Compensation Committee Charter

FIRST INDUSTRIAL REALTY TRUST, INC. COMPENSATION COMMITTEE CHARTER

Purpose
The Committee is appointed by the Board to aid the Board in discharging its responsibilities relating to compensation of the Company's executive officers. The Committee has overall responsibility for approving and evaluating the compensation plans, policies and programs relating to the executive officers of the Company.

The Committee shall have the powers and authorities vested in it by any stock option, restricted stock, incentive, and other compensation plans of the Company. The Committee shall have the power to approve, disapprove, modify or amend all plans designed and intended to provide compensation primarily for executive officers of the Company.

The Committee is also responsible for producing an annual report on executive compensation for inclusion in the Company's proxy statement.

Committee Membership
The Committee shall consist of no fewer than two members. Each member of the Committee shall meet the independence requirements of the New York Stock Exchange and the Company's Corporate Governance Guidelines.

The members of the Committee shall be appointed and removed by the Board. A majority of the members shall constitute a quorum.

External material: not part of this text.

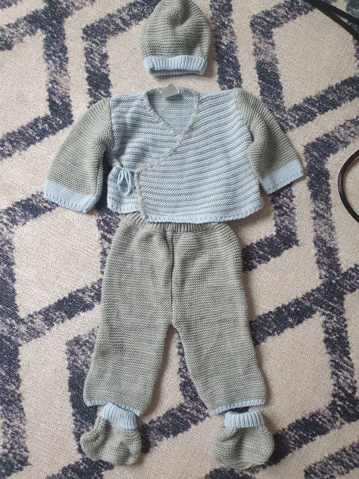 5 ensembles bebe garçons L'ensemble en laine est pour la naissance Les autres taille 3 mois Marques : obaibi et autres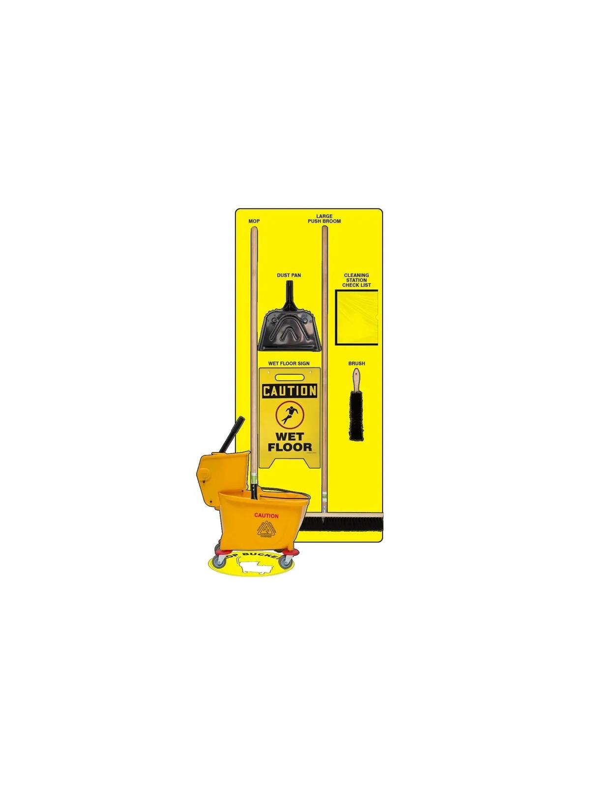If combo is chosen, kit comes with: 24" Push broom head, 8" Bench Brush, 60" Wood handle, Metal Dust pan, 60" Wood mop handle, Cotton Mop Head, 35 QT Yellow Mop Bucket w/Ringer, "Caution Wet Floor" Fold Up Sign, 17" Matching Round Floor sign for the mop bucket.

Committee Authority and Responsibilities

  1. The Committee shall have the sole authority to retain and terminate any compensation consultant to be used to assist in the evaluation of director, Chief Executive Officer or senior executive compensation and shall have authority to approve the consultant's fees and other retention terms. The Committee shall also have authority to obtain advice and assistance from internal or external legal, accounting or other advisors.


  2. With due regard for the Board's input with respect to the Committee's annual evaluation of the Chief Executive Officer's performance, the Committee will prepare a compensation recommendation for presentation to the full Board for its discussion and ratification. In determining its recommendation, the Committee will consider applicable benchmarks of the Company's performance, including total shareholder return, and such other quantitative and qualitative factors as the Committee deems relevant.


  3. The Committee shall review and set compensation of all key executive officers at appropriate time periods. The Committee shall make recommendations to the Board with respect to incentive compensation plans and equity-based plans. The Committee shall take account of each individual's performance, as well as the Company's overall performance.


  4. The Committee shall review and approve employment agreements, severance arrangements, retirement arrangements, change in control agreements/provisions, and any special or supplemental benefits for applicable executive officers of the Company.


  5. The Committee shall annually review and recommend all matters pertaining to fees, retainers and any other form of compensation paid to directors for Board and any committee service.


  6. The Committee may form and delegate authority to subcommittees when appropriate.


  7. The Committee shall make regular reports to the Board.


  8. The Committee shall periodically review and reassess the adequacy of this Charter and recommend any proposed changes to the Board for approval.


  9. The Committee shall annually review its own performance.